Regarding four images in Museum Tower, Dallas Texas, Mike Bianco writes:
"The dialectic between the emergence and refinement of photography and the evolution of painting -from Impressionism to Abstract Expressionism - is well known. From Édouard Manet and Louis Daguerre, to Jackson Pollock and Ansel Adams, the battle for “truth” in an image has long been contested. With the emergence of video and the Internet in the late 20th century, one might argue the fight between the painting and the photograph has collapsed: both mediums now oscillate between hyper-realism and hyper-abstraction. Recent photographic practices, such as those by artists like Barbara Kasten and Walead Beshty, have used the abstracted photograph to deal with the physicality of process associated with the medium; a way of removing the subjective nature of the maker to produce an “honest” image. However, if anything has been proven in recent years, the advent of Photoshop and social networks has taught us one thing about pictures: there are no honest images. This is not to say that all photographers are dishonest; hardly. Rather, the nature of honesty is still up to the maker, despite the truth-telling capability of a lens and a memory card. One such artist playing in the landscape of abstraction and subjective re-presentation is Donald Saxton.
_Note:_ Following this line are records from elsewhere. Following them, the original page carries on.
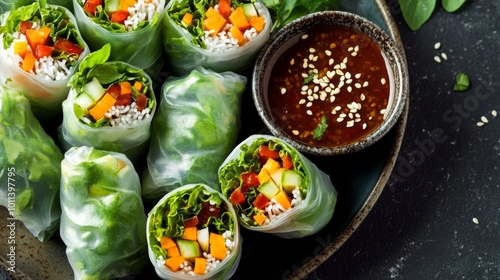 A plate of fresh spring rolls filled with vegetables and served with a side of dipping sauce.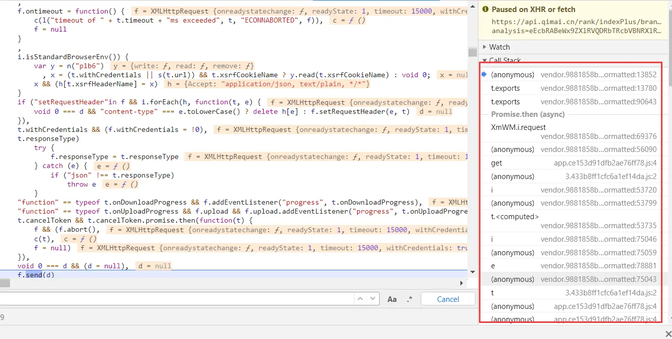 3.这时候我们可以在Network右边的侧边栏加入XHR breakPoint,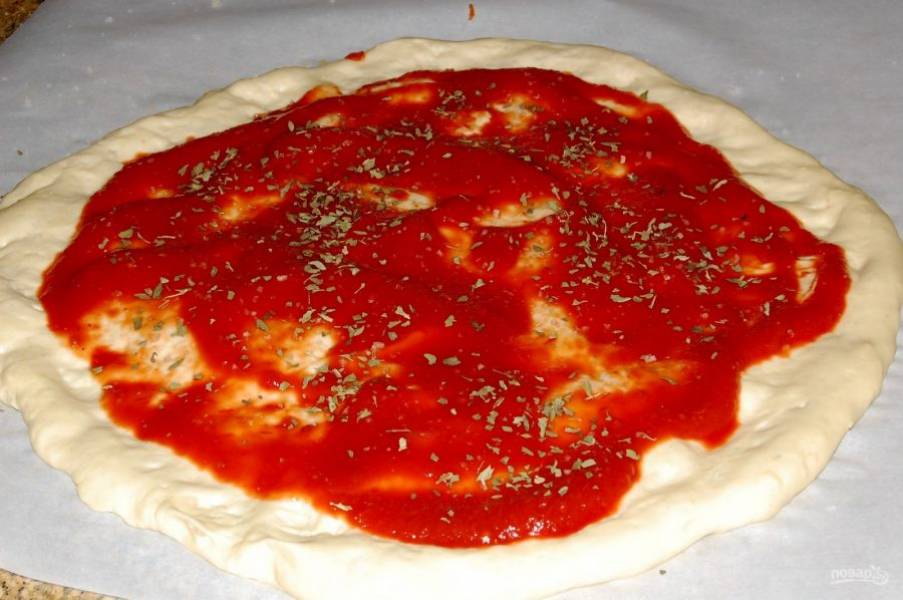 4. Смажьте основу для пиццы томатным соусом, добавьте базилик и орегано, посолите.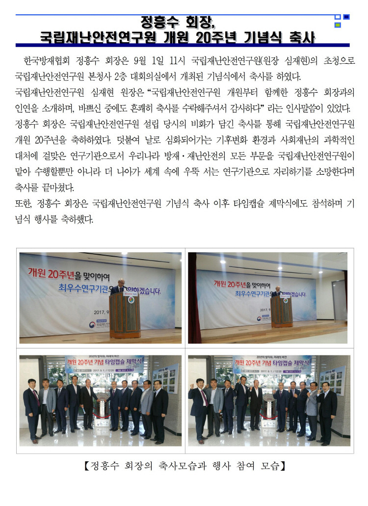 정흥수 회장, 재난안전연구원 개원 20주년 기념식 축사 2017-09-01 목록보기 이전글제1회 컨소시엄운영위원회 개최2017.09.06 다음글한국방재협회 제74차 이사회 개최2017.08.23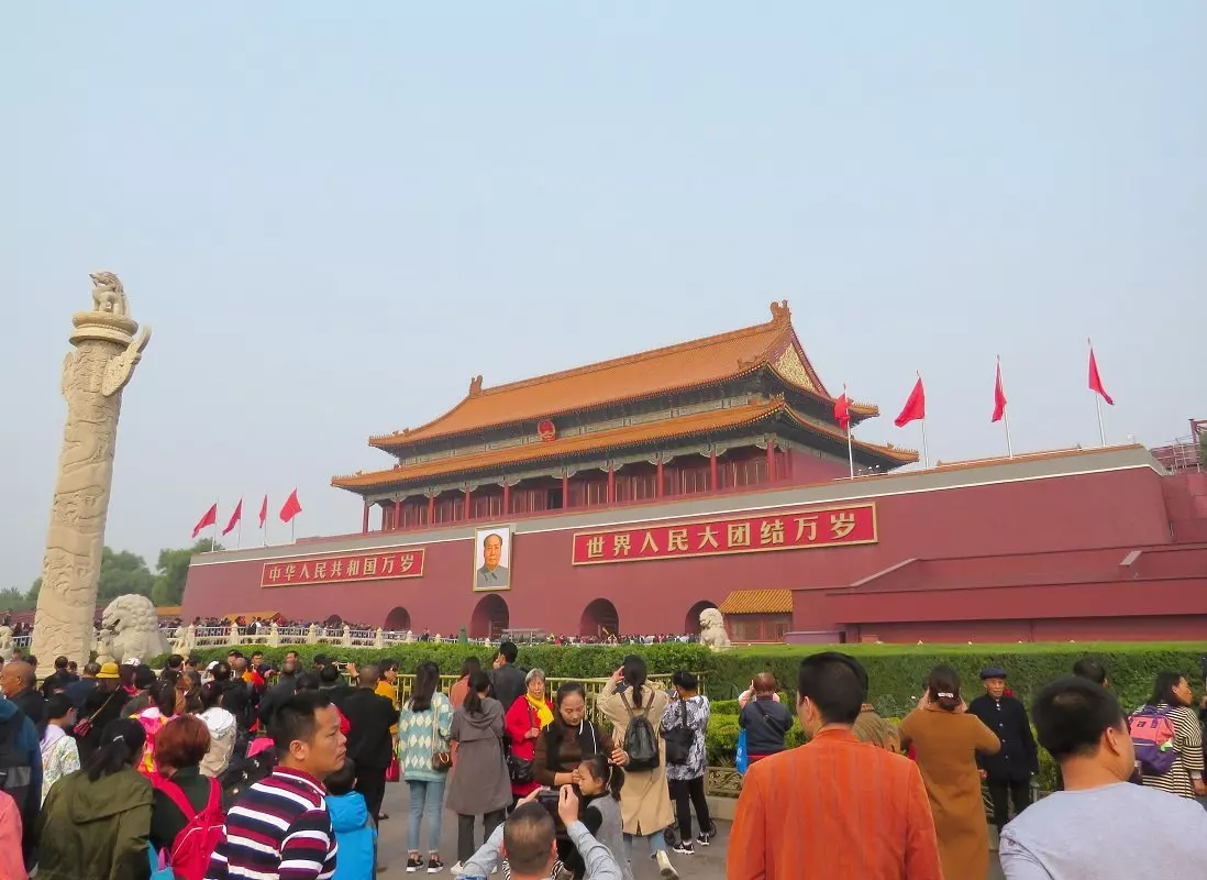 Fra plassen går du til Den forbudte by, som ligger bak Den himmelske freds port. Dette er stedet hvor Mao den 1. oktober 1949 utropte Folkerepublikken Kina.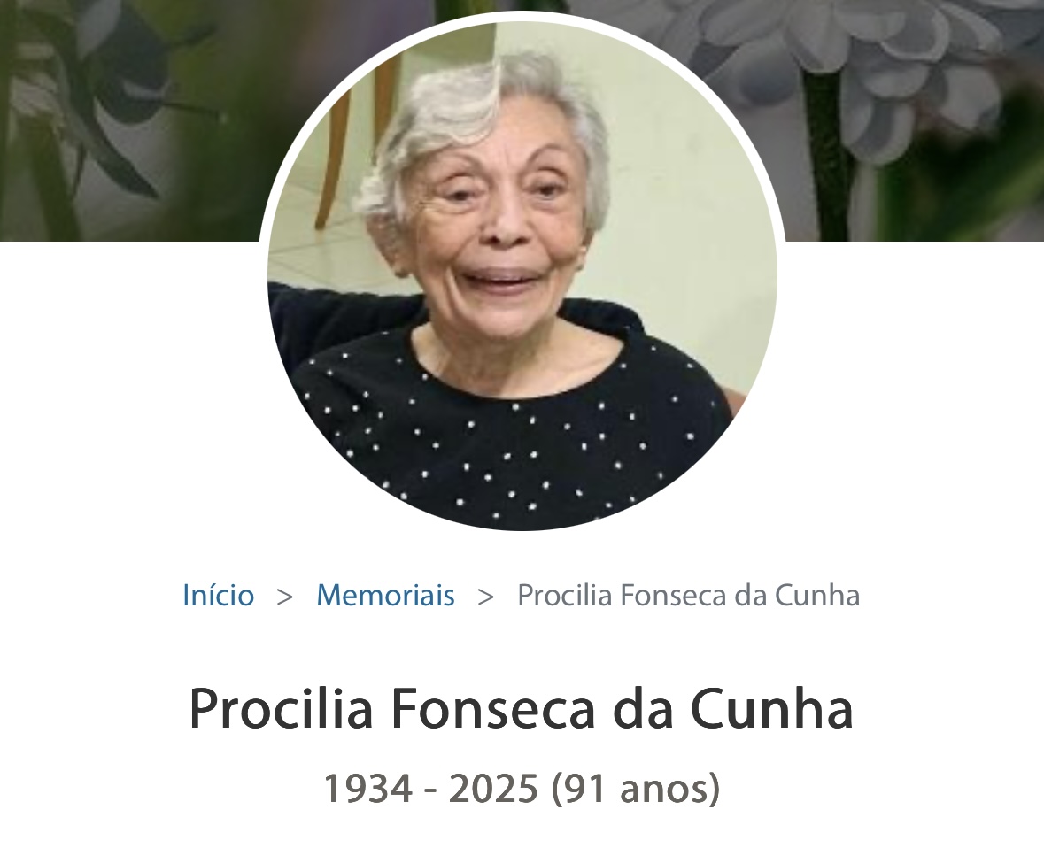 Morreu nesta segunda-feira (3) em Natal, aos 91 anos, de problemas pulmonares, a ocupante emérita da cadeira 27 da Academia Norte-rio-grandense de Odontologia, Procília Fonseca da Cunha.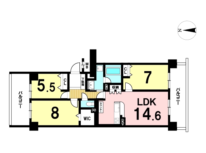 WIC付き8帖洋室:全居室バルコニー付きで、

Saxton, a native to the West Coast, has been obsessed with taking pictures his entire life. His father, Stan, who studied with Ansel Adams, gave Saxton his first camera as a young boy. Saxton then went on to study in the bucolic Napa Valley, and eventually in the desert surrounding Arizona State University. Paternal influences were passed down to Saxton, and Ansel Adams’ style and preference of subject matter served as a source of inspiration for Saxton throughout his career. Early works present moody mountaintops and lonely ghost towns; the weight of Saxton’s emotion omnipresent in the framing, light, and textures in the subjects he captured. But Saxton’s recent work has taken a bold departure. His current photographs have traded the composition of the frame for the construction of a subjective image; representation replaced by abstract presentation.
Saxton’s recent photographs are black and white with a striking sense of geometry. The images seem subjectless. The only clear indicator that what we are dealing with is a photograph is visual information that references fabric. However, the fabric has been abstracted. The image does not depict a piece of fabric as we might normally see it; suspended from a curtain, hanging off a torso, etc. Rather, the luminous properties of the fabric have been manipulated in photoshop - flipped, mirrored, or contrastingly pasted to create an abstract construction. In addition, Saxton has introduced additional elements manipulated by the software: a collection of black lines on the left third of the photograph, or perhaps a square section of an image cut out and pasted on another. In sum, the abstracted fabric and postproduction images create an impossible image; a moment literally unperceivable in the world. The creation of the imperceptible is exactly the photograph’s point. Rather than suggest a feeling by capturing a moment, Saxton’s photographs present his sensibilities; an ethereal element that the limits of traditional reportage struggle to convey. As Saxton eloquently puts it: “It’s not what I saw, but how what I saw made me feel.”
-Mike Bianco
Mike Bianco is a curator and visual artist based in Marfa, Texas and Ann Arbor, Michigan. He …received his MA in Curatorial practice from the California College of the Arts in San Francisco, CA. Bianco served as the Curator of New Programs at the John Berggruen Gallery in San Francisco, CA, and as the Associate Curator at Ballroom Marfa, In Marfa, Texas. He has founded several alternative arts spaces, curated numerous exhibitions, and has worked with institutions ra.nging from the Chinati Foundation in Marfa, Texas and the Texas Commission on the Arts, to the Peggy Guggenheim Collection and the Venice Biennial, in Venice, Italy.